Le Val labellisé. Avec l’aide du conservatoire méditerranéen, le maire de la commune du Val dans le Var, Jérémy Guiliano, vient de lancer un programme de préservation du Boussarlu, une variété endémique d’oliviers menacée de disparition. Pour un montant de 4 000 €, en plus de fonds européens, le maire veut reconnecter sa population avec ses oliviers et relancer toute une filière. Et pour commencer, le Val vient d’être labellisé « commune oléicole de France ».

(Encore) un nouveau directeur aux Roches Blanches. Comme chaque année, l’hôtel restaurant cassidain présente son nouveau directeur. Il s’agit d’Emmanuel Blanchemanche qui a quitté la direction du domaine de Verchant, près de Montpellier, pour Cassis. « Je suis très heureux de me lancer dans ce nouveau projet de vie, de  surcroît dans cet environnement exceptionnel. Pouvoir écrire un nouveau chapitre pour ce lieu mythique est un privilège et j’ai suivi les conseils de Winston Churchill, qui a résidé aux Roches Blanches : pour s’améliorer, il faut changer. Donc, pour être parfait, il faut avoir changé souvent ». Il n’est pas sûr que dans l’hôtellerie et la restauration ces changements perpétuels soient très rassurants pour les clients.

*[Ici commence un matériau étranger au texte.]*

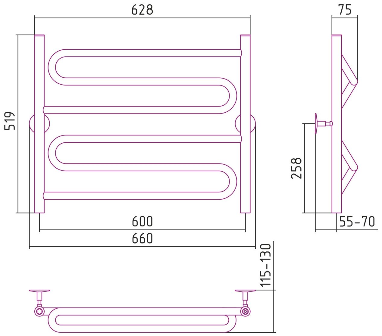Отзывы на Полотенцесушитель водяной Стилье Универсал-51 600х600 (2) Z 21 арт. 00651-6060

Sébastien Sanjou au château Mentone. Le chef varois rejoint pour l’été le domaine viticole de Mentone et y ouvre « la Table de Mentone ». Dès les beaux jours arrivés, la table est dressée en extérieur, face au vignoble et aux forêts qui le bordent. La ferme-auberge promet de conjuguer convivialité et partage avec des menus d’esprit provençal composés avec les légumes et herbes fraîches du potager, les fruits des vergers, olives de l’oliveraie du domaine et les œufs du poulailler. Viandes et volailles, fromages et charcuteries sont, eux, issus de producteurs locaux. Les vins de la propriété, classés Côtes de Provence bio, accompagnent les menus. En mai et juin, ouverture du mercredi au dimanche au déjeuner et du mercredi au samedi au dîner.
Château Mentone, 401, chemin de Mentone, 83510 Saint-Antonin du Var ; infos au 04 94 04 42 00.